> [REQUIREMENT]
Each line below should be repeated exactly, but no picture should be carried over.

> [RAW DATA]

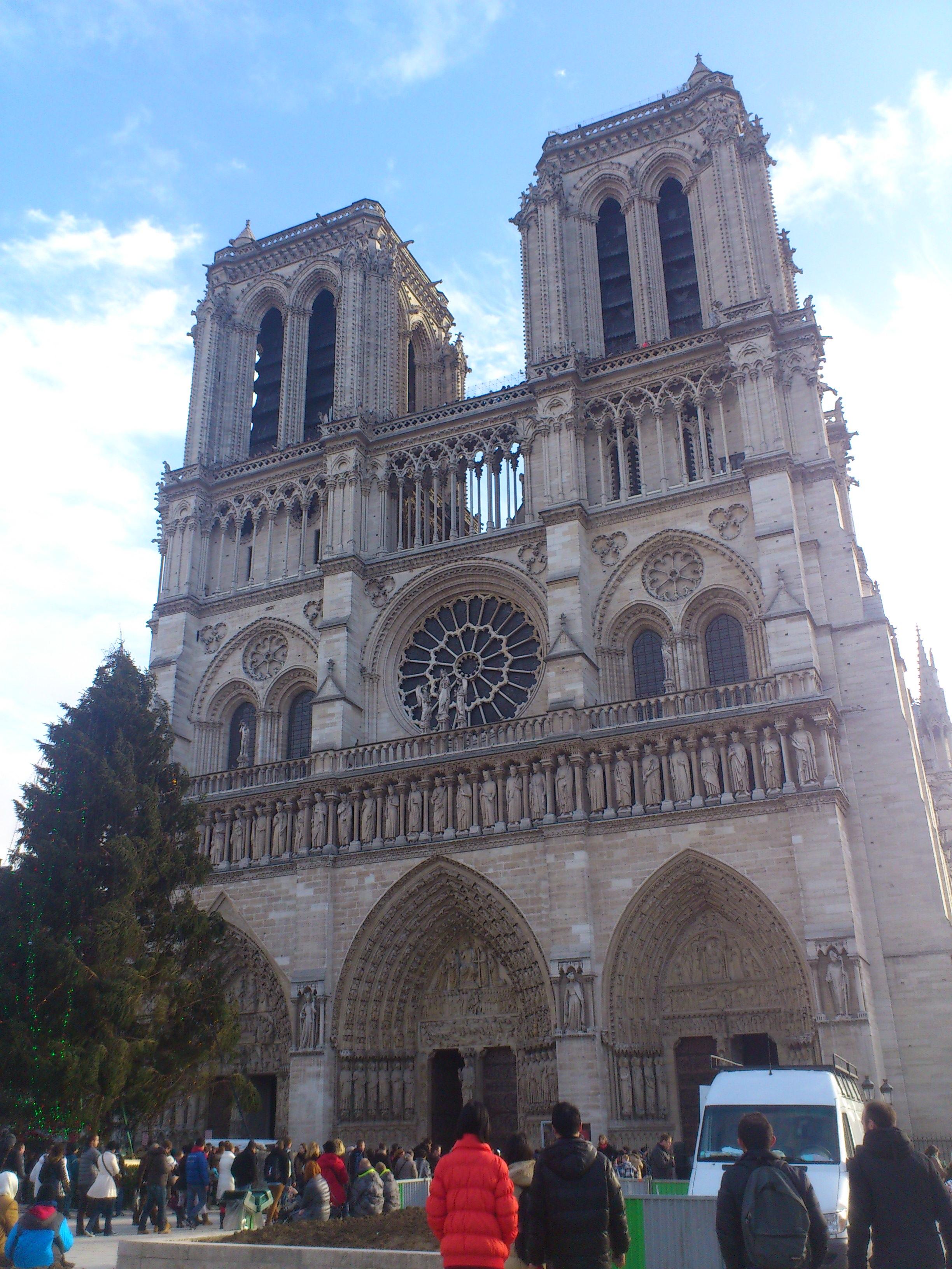 巴黎圣母院(Notre Dame)巴黎圣母院不仅因雨果的同名小说而出名,更因为它是巴黎最古老最宏伟的天主教堂。这座哥特式的巨石建筑物,历经两百年, 建成于1345年。教堂形体方正, 仪态庄严。正面朝西分三层,高69米,底层并排三座桃形大门洞,左为圣母门,右为圣安娜门,中为最后的审判。门上布满 了雕饰,描述圣经的故事。门卷上是长 条壁龛,一字排着28座雕像。
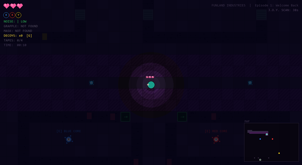 J.O.Y., the facility's central AI, has sealed every exit. To escape, you need to find three power cores hidden deep in the building and slot them into terminals that will restore power to the gate. That means crossing the factory floor. That means getting close to them.
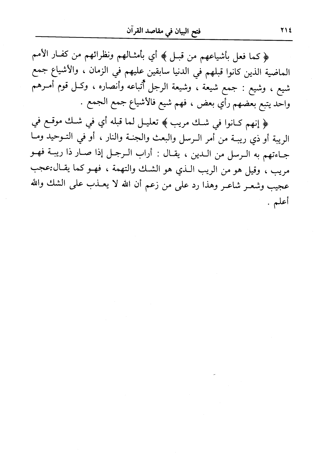 (كما فعل بأشياعهم من قبل) أي بأمثالهم ونظرائهم من كفار الأمم الماضية الذين كانوا قبلهم في الدنيا سابقين عليهم في الزمان، والأشياع جمع شيع، وشيع: جمع شيعة، وشيعة الرجل أتباعه وأنصاره، وكل قوم أمرهم واحد يتبع بعضهم رأي بعض، فهم شيع فالأشياع جمع الجمع.
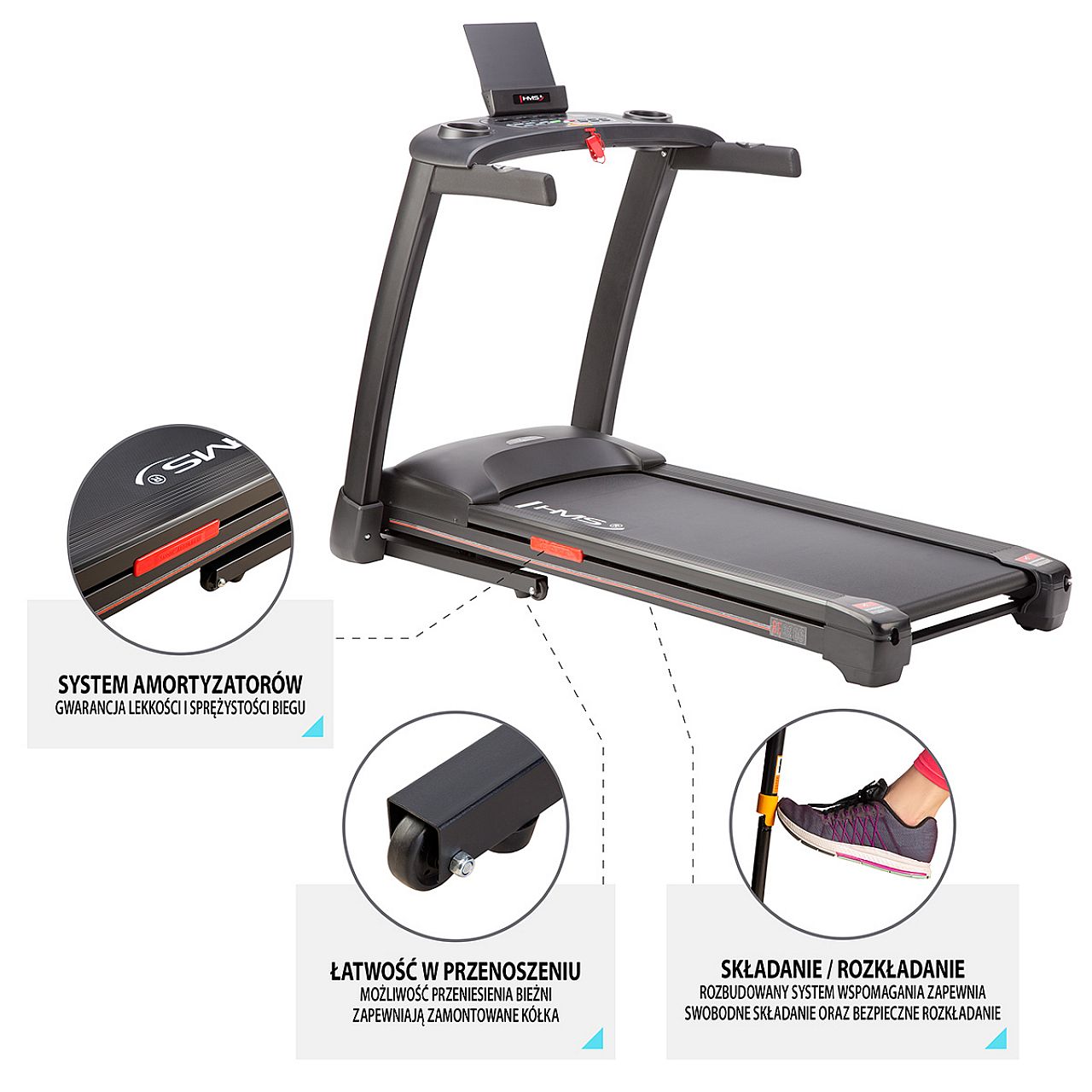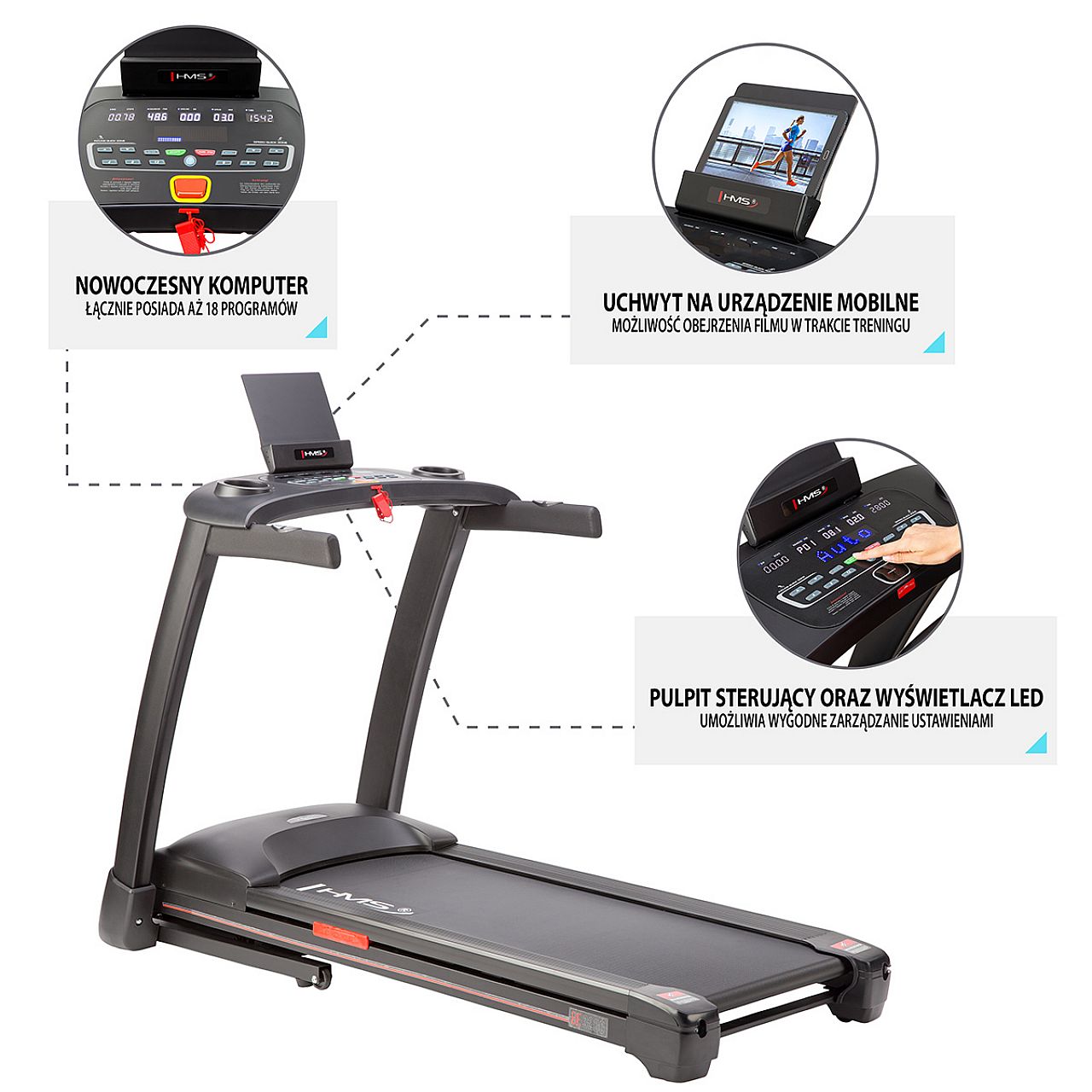Усі компоненти бігової доріжки BE3200 HMS роблять її ідеальним пристроєм для кардіотренувань вдома.

> [ANSWER SECTION]
 巴黎圣母院(Notre Dame)巴黎圣母院不仅因雨果的同名小说而出名,更因为它是巴黎最古老最宏伟的天主教堂。这座哥特式的巨石建筑物,历经两百年, 建成于1345年。教堂形体方正, 仪态庄严。正面朝西分三层,高69米,底层并排三座桃形大门洞,左为圣母门,右为圣安娜门,中为最后的审判。门上布满 了雕饰,描述圣经的故事。门卷上是长 条壁龛,一字排着28座雕像。
 J.O.Y., the facility's central AI, has sealed every exit. To escape, you need to find three power cores hidden deep in the building and slot them into terminals that will restore power to the gate. That means crossing the factory floor. That means getting close to them.
 (كما فعل بأشياعهم من قبل) أي بأمثالهم ونظرائهم من كفار الأمم الماضية الذين كانوا قبلهم في الدنيا سابقين عليهم في الزمان، والأشياع جمع شيع، وشيع: جمع شيعة، وشيعة الرجل أتباعه وأنصاره، وكل قوم أمرهم واحد يتبع بعضهم رأي بعض، فهم شيع فالأشياع جمع الجمع.
Усі компоненти бігової доріжки BE3200 HMS роблять її ідеальним пристроєм для кардіотренувань вдома.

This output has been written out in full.